There may have been an air of let’s get back to business as US stock markets enjoyed ceasefire conditions in the morning session. Aided by an oil sell-off, which was due both to the ceasefire and to an announcement by BP that Alaskan supply would only be halved, not completely halted, the Dow Jones Industrial Average set about recouping 115 points.

But it wasn’t to last. Buying enthusiasm started to fail around lunch time and it became apparent that the rally was more of a bounce-back from oversold conditions than a genuine bout of renewed confidence. Some post-ceasefire scrapping between Hezbollah and Israeli troops threw in some doubt, and the oil price regained some of its fall. The Dow closed up a mere 10 points at 11,098.

But what is most influential at this time is the ongoing threat of inflation. The Fed may have paused for one month but economic data have done nothing to quell fears that the Fed will make good on its caveats and raise rates once more. It is clear that until a genuine end to monetary tightening can be ratified, the stock market will remain volatile and vulnerable.

Tomorrow night in the US sees the release of the core producer price index (PPI) inflation indicator, followed on Wednesday by the headline consumer price index (CPI) figure. There is little to suggest these numbers won’t be worrisome.

The Fed is still caught between its rock and hard place, given it risks sending the US economy into recession with further tightening, inflation aside. It may yet prefer to observe the effects of recent rate increases rather than barrel in once more. It is the paradox of monetary policy that a decision made today will not fully flow through for 12 to18 months, yet policy decisions appear to be driven by last week’s data.

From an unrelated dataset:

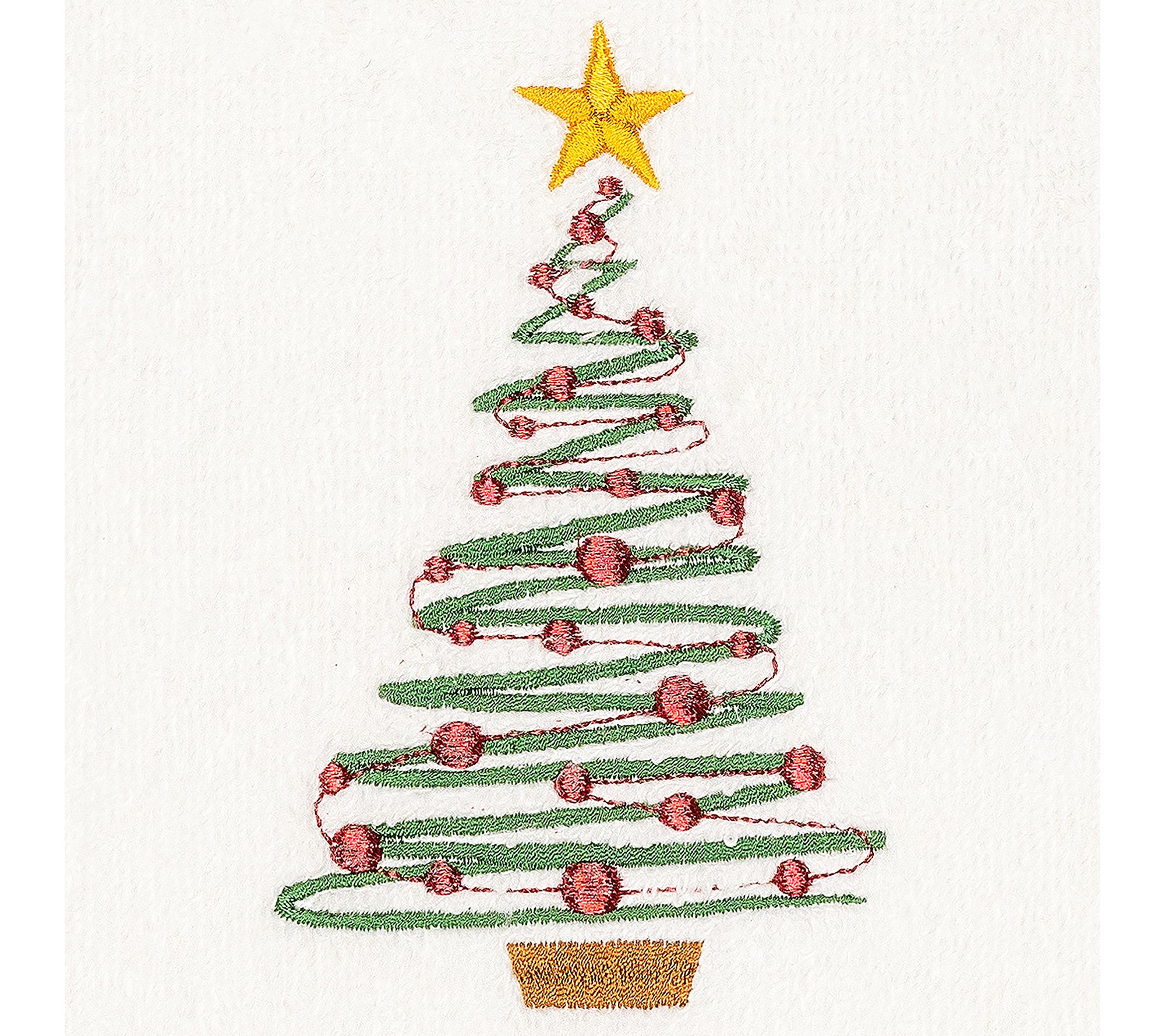 • Embroidered Christmas tree with sparkling metallic balls and garland

Either way the mere threat of another rate rise is apparently enough to snuff out any attempts by the US stock markets to rally, and major moves have been thwarted twice in the last week.

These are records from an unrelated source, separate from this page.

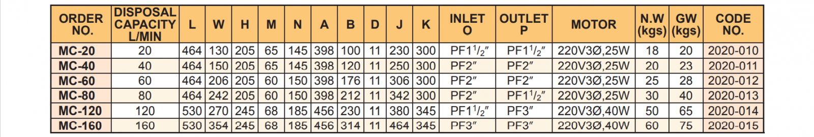 – Thiết bị lọc nước cnc bằng từ tính MC-20, MC-40, MC-60, MC-80, MC-120, MC-160 chỉ tách được phoi kim loại.
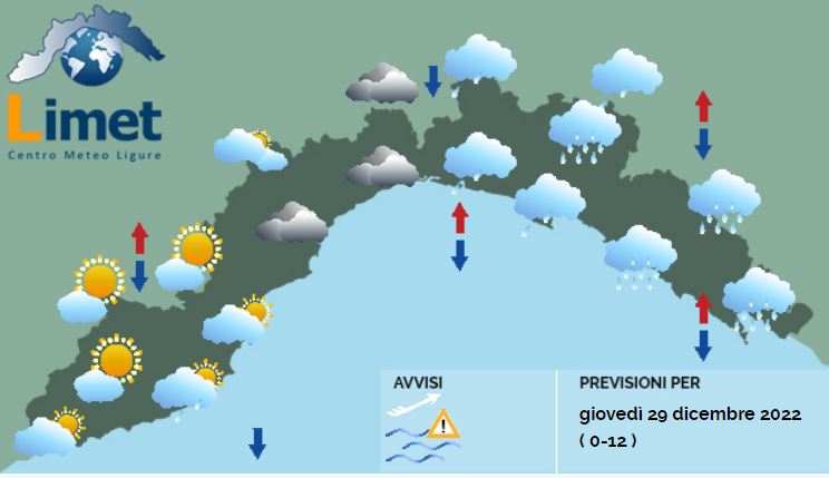 Ecco le previsioni meteo di Limet per la giornata di oggi, giovedì 29 dicembre.
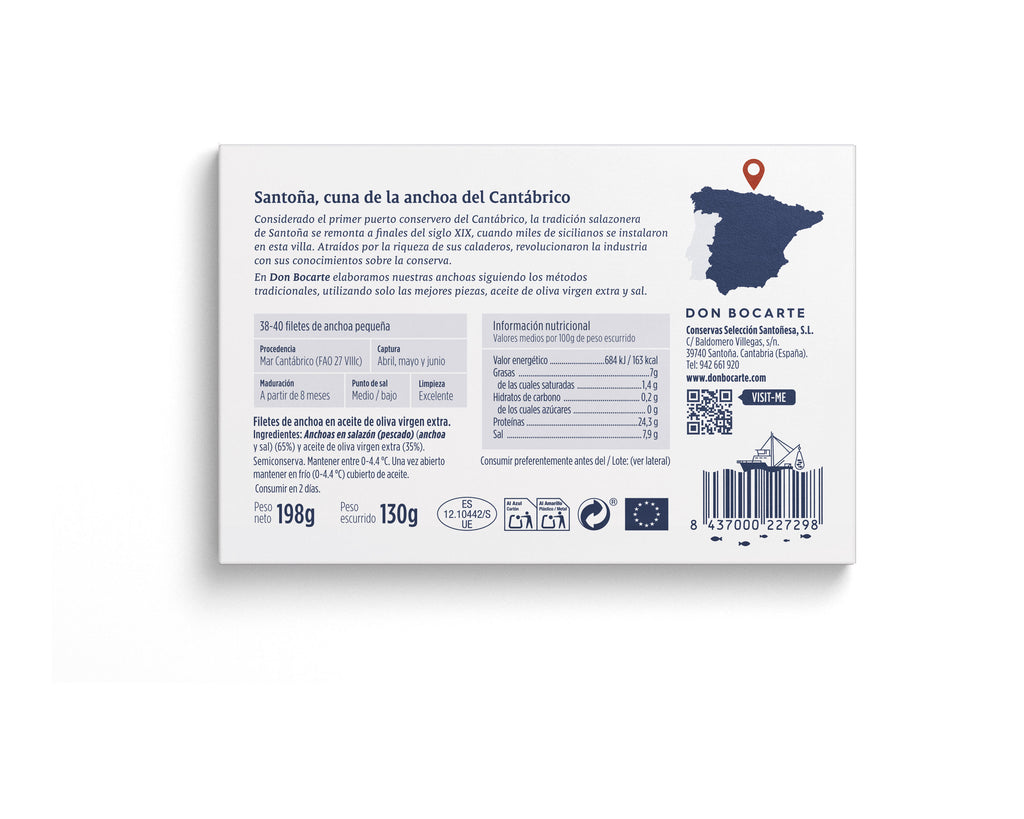 Anchoas del Cantábrico en aceite de oliva virgen extra 198g (38/40 filetes pequeños)

The possibility of another rate rise is also holding up the US dollar. The paradox here is that virtually every economist and his dog is tipping an economic slowdown and subsequent fall in the US dollar, yet the greenback just keeps hanging in there. It became a safe haven for the world when the Israel-Lebanon conflict broke out, so one might have expected a pullback on the ceasefire. This was not to be.

If inflation is worse than even now expected this would surely affect further slowing of the US economy, yet the simple mathematical adjustment of interest rate parity is suspending the dollar in anti-gravity land.

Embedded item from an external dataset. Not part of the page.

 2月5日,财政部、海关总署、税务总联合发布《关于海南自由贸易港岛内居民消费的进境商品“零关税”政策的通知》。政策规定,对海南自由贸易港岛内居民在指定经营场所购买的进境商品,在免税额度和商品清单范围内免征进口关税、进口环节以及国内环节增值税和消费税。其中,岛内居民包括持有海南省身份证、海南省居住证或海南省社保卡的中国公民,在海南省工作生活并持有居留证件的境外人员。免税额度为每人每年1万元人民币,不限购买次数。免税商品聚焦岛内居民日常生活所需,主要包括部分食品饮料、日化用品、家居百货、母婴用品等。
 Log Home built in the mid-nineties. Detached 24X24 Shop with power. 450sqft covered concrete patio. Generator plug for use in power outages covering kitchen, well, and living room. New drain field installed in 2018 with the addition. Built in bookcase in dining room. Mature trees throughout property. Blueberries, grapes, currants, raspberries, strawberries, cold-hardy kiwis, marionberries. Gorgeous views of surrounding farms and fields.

This has had a detrimental effect on the gold price, which had curiously struggled as the entire Middle East region threatened to become one big war zone. However, movement towards the dollar as the preferred safe haven has forced the gold price to drift lower in the last couple of weeks. With the oil price falling last night, and the dollar holding up, gold was again sold off to be trading around US$626 heading into our time zone.

Nevertheless, James Moore, analyst with TheBullionDesk.com, noted "With Iraq still on the verge of civil war, and Iran and North Korea’s nuclear policies a cause for concern, geo-political tensions are still extremely high, with some investors likely to view gold’s current dip as a good area to enter the market."